Thirteen patients (62% of type 1 fractures) with type 1 fractures were managed with halo immobilization, 6 (28.6% of type 1 fractures) were managed with collars, and 1 (4.8% of type 1 fractures) required surgery. Twelve (71%) type 2 fractures were managed in halos and 5 (29%) in collars. One type 2a fracture was managed in a halo and 2 (66%) required surgery (Table 4).

The mean duration of management using a halo was 117.5 days (range 70 to 186). The mean duration of management using a cervical collar was 124.1 days (range 84 to 170).

Three patients underwent surgical fixation. The first patient had an asymmetrical atypical hangman's fracture (vertebral body and pars type 2a). On initial CT scan, the fracture was a Levine type 1. The subject was initially treated with a halo; follow-up imaging showed a progressive C2–C3 subluxation. A C1–C3 posterior fixation was performed 8 days after the initial presentation. The remaining 2 patients had surgery due to associated cervical fractures. One patient had a typical hangman's fracture with a burst fracture of the body of C3 with retropulsion. She was managed nonoperatively in a halo. Follow-up imaging at 3 months revealed nonunion at C3, and the patient underwent a C2–C4 posterior fixation. The final patient had a typical hangman's fracture with a comminuted C2 body fracture including an anteriorly displaced teardrop fragment. He was initially managed in a halo. At 3 months, there were no signs of fusion of the C2 body fracture, and he therefore underwent a C1–C3 posterior fixation.

Outcomes

The mean duration of follow-up was 9.4 months (range 3 to 25 months).

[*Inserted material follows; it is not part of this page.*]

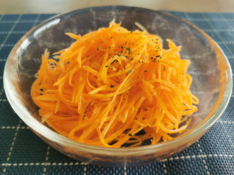 細さが均一なので調味料がよくなじみ、とても美味しいキャロットラペが完成しました!

There were 5 (18%) cases of infection occurring at the pin sites, which led to the discontinuation of halo management in 2 cases. The management strategy was changed to collars in these patients.

Pain was assessed according to the visual analog scale at last follow-up. Five patients in total (12.2% of all hangman's fractures) were still experiencing moderate to severe pain at that time. Pain and stiffness were more common with atypical fractures, but this finding did not reach statistical significance, with 4 in the atypical group (14% of atypical fractures) reporting moderate or severe pain compared with 1 patient in the typical group (p > 0.999). Stiffness was reported in 11 patients with atypical fractures (39% of all atypical fractures) compared with 4 in the typical group (31% of all typical fractures; p = 0.734).

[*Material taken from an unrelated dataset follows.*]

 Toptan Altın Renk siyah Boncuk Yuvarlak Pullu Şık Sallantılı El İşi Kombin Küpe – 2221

All fractures in our series apart from the three patients who underwent surgical fixation discussed previously had documented bony union on follow-up CT or plain radiographs, which were typically performed at 4 to 6 weeks, after removal of the halo or collar and at final follow-up. The criteria for union were obliteration of the fracture line with cortical continuity or bridging of fracture by callus, trabeculae, or bone.

Fracture union rates in grade I and II hangman's fractures were not significantly different between halo immobilization and collars (p > 0.999).

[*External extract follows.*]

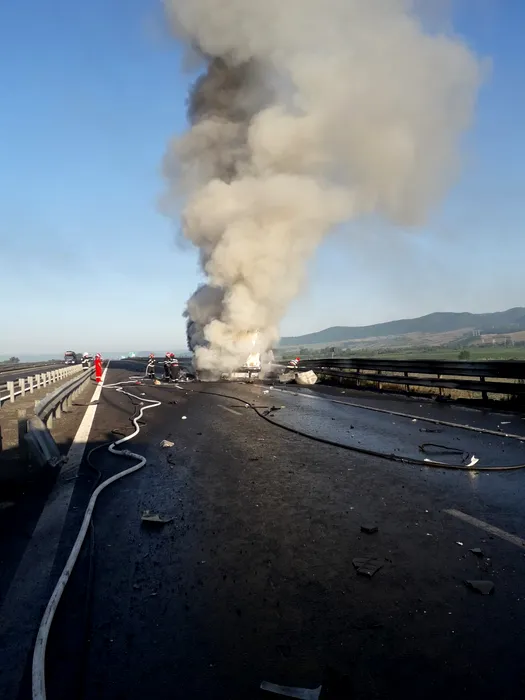 Accident pe A1 Sibiu – Deva. Un autotren s-a răsturnat și a luat foc (Galerie FOTO)

Five patients (12%) had focal neurologic signs on admission. Four of these patients recovered completely. The remaining patient was left with a permanent left-sided hemiparesis, which was likely the result of a second cervical spine injury (an unstable and retropulsed comminuted C3 fracture).

Three patients underwent surgical fixation following management with a halo, 1 for developing a progressive listhesis of C2–C3 and 2 for nonunion of associated cervical fractures. Bony union was otherwise achieved in all patients managed nonoperatively.

Discussion

This retrospective analysis aimed at analyzing the patterns of hangman's fractures and auditing our treatment methods. We sought to establish whether treatment failures were more likely with cervical collars compared with halo immobilization.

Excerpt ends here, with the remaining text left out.